Beyond virtual-physical address translation, we also need to handle page faults (if no physical memory page is mapped to a virtual address). This case will be detected when a page table walk performed by the HA-MMU cannot determine a valid mapping. Since handling page faults can get very complex (e.g., fetching data from disk or over a network), we rely on the standard OS mechanisms and just initiate the process. This is done by our FastPath signaling scheme (Section 6), which conceptually treats the page fault as just another SW Service (shown as signal Page Fault in Fig. 16b). It is the responsibility of the Linux kernel to fetch the missing page frame and update the page tables (signal read/write). As usual for a SW Service, execution switches back to the HA afterwards (signal Resolved, Fig. 16c).

Handling the current page fault can cause the eviction of pages that are already resident in physical memory. In this case, they also have to be removed from the HA-TLB if they have a valid entry there. This is achieved by modifying the Linux kernel function flush\_tlb\_page(), which is the only function involved with page flushing / swapping in low-memory situations, to update both GPP- and HA-MMUs.

GPP-HA cache coherency in PHASE/V is handled in SW identically to AISLE. Finally, PHASE/V can support multiple HAs, either sharing the same HA-MMU, or using HA-exclusive ones (this would require additional inter-HA-MMU synchronization mechanisms, though).

#### 8.3.1 Limitations

While PHASE/V is much more capable than AISLE, it is also more costly: It requires more HW ( $\approx 300$  FPGA slices, see Table 4) and is also susceptible to the same performance risks as a GPP MMU: When an application's (SW or HW) working set of virtual addresses exceeds the TLB (GPP or HA) capacity, the resulting TLB misses cause frequent page table walks (also known as *TLB thrashing*) which can lead to severe application slow-downs (this will be examined in Section 9.3). To some extent, this could be countered by larger or fully associative TLBs. However, in addition to requiring even more area, both of these approaches generally have slower implementations (violating our current single cycle translation at 100 MHz).

## 9 EVALUATION

Each component of the different solutions that we have discussed is now evaluated separately to better understand its respective impact on the overall system performance. We first show the advantages of our FastPath quick signaling solution over standard OS IRQ handling and then give results for the FastLane+ enhanced memory system. Finally, we compare the techniques for enabling HA-operation in a VM environment.

#### 9.1 FastPath

The main contribution of FastPath is a reduced HA/SW signaling latency. Since a common aim of using an ACS in the first place (instead of a sole GPP) is improved performance, we will examine the impact of signaling latency (communication overhead *toverhead*) on the effectively achievable speed-up.

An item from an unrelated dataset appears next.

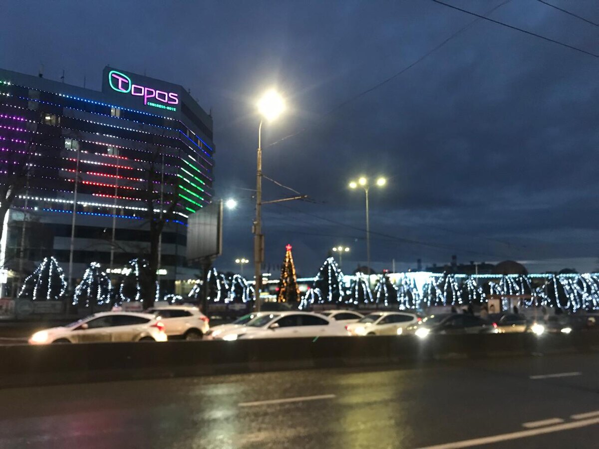 Типичный Ростовский "Новый Год". Снега нет. Сыро, серо. Серо, сыро. Только зенеленеет свежемонтированная Главная городская искусственная ель. Второ- и третьестепенные ели - они тоже еле-еле. "М" - это не "метро", а "Мануфактура", но мне кажется, что там замешан и "МакДональдс" ( в центре). А эта елка, как мне кажется, могла бы служить символом нашей зимы, с одной стороны - приукрашенная, а с другой стороны - обглоданная. Но зато - натуральная! Вот натуральных снеговиков в городе у нас нет нигде - от слова "совсем"! Все стараются добыть новогоднее настроение и поздравиться. Даже ростовские аппаратные косметологи и лазерные эпиляторы. Ведь у них есть свой новогодний скелетовик, не знаю, правда, натуральный или искусственный. Помогают создавать соответствующий настрой и свежесписанные и соответствующе расписанные поздравительные трамваи-кабриолеты, изредка курсирующие по городским маршрутам. Но, пожалуй, самый чудесный предновогодний подарок преподнесла сегодня природа, совершенно неож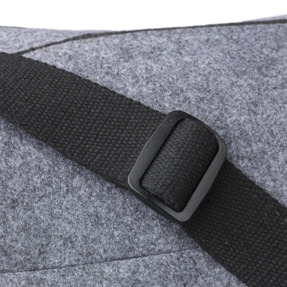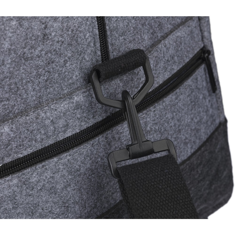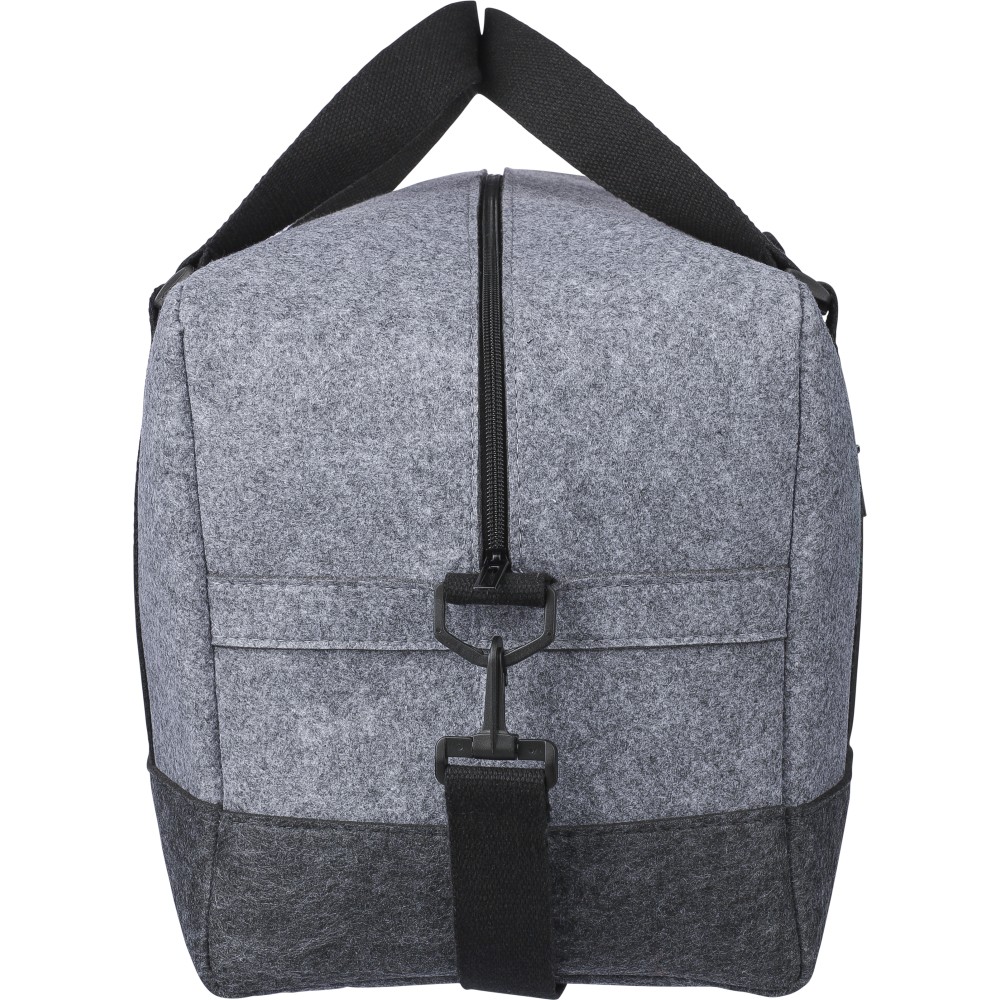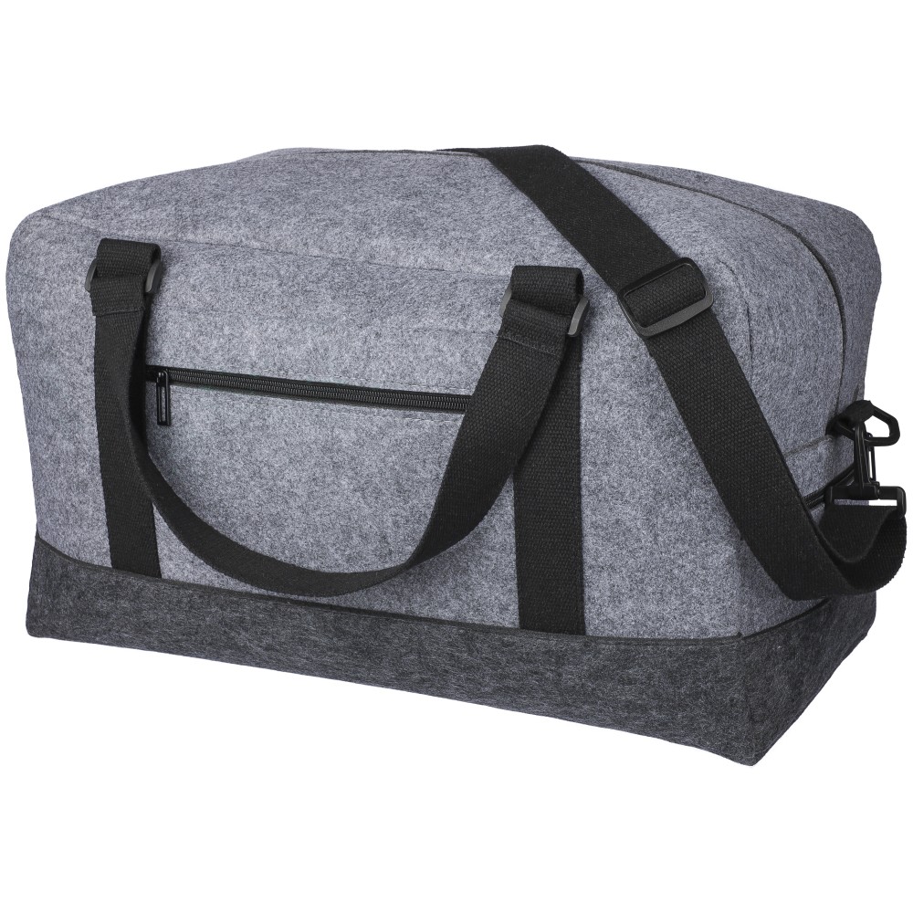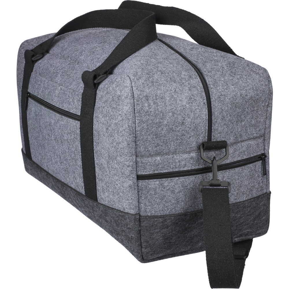 Sporttáska rPET filc anyagból vászon fülekkel és állítható vállpánttal. Egy nagy cipzáras rekesszel és a táska elején egy kicsi cipzáras zsebbel. rPET címkével. Úrtartalom: 30 liter, teherbíró képesség: 10 kg.

Fig. 18. Effective speedup as function of HA execution time and raw HW acceleration factor for different latencies

We compute the raw GPP-to-HA acceleration factor as  $HW_{accel} = t_{SW}/t_{HA}$ , the ratio of times for running an algorithm (just part of a program) in SW to that of performing the same computation on an HA. Note that this raw factor does not consider the communication overhead yet. However, the effective speed-up factor for that part of the program also includes the overhead:

effective speedup = 
$$\frac{t_{SW}}{t_{HA} + t_{overhead}} = \frac{t_{HA} \cdot HW_{accel}}{t_{HA} + t_{overhead}}$$

The *communication overhead* is computed as  $t_{overhead} = t_{IRQ} + t_{sem}$ . We define  $t_{IRQ}$  as the time interval between the HA initiating an interrupt and the reaction in the user space interrupt handler (e.g., determining the interrupt cause by reading from an HA register).  $t_{sem}$  is the time between the handler setting the semaphore and the resumption of the main program thread.

We measured these times for different scenarios using dedicated cycle-accurate HW counters. The standard Linux interrupt path (employing the usual tasklet-driven wait queue in lieu of our fast semaphore) on the ML310 ACS has  $t_{overhead} = 62\mu s$ . FastPath achieves a  $t_{overhead}$  between just  $2.7\mu s$  and  $9.6\mu s$  (best case:  $t_{IRQ} = 2.1\mu s$ ,  $t_{sem} = 0.6\mu s$ ; worst case:  $t_{IRQ} = 8.8\mu s$ ,  $t_{sem} = 0.8\mu s$ ). Combined with the negligible times for the live variable transfer (20...40ns, see Section 6), we can thus shorten the total overhead by a factor of 6.5x to 23x over the standard case (achieving **LOWLAT**).

If a serialized single-threaded execution model (the default Linux case) is not required, the IRQ-handling callback function (which has full access to virtually addressed user space data and system libraries) can directly perform latency-critical operations without synchronizing to the main thread (thus creating a dedicated callback thread), which would improve  $t_{overhead}$  by another 9...22% even over our fast register-based semaphore.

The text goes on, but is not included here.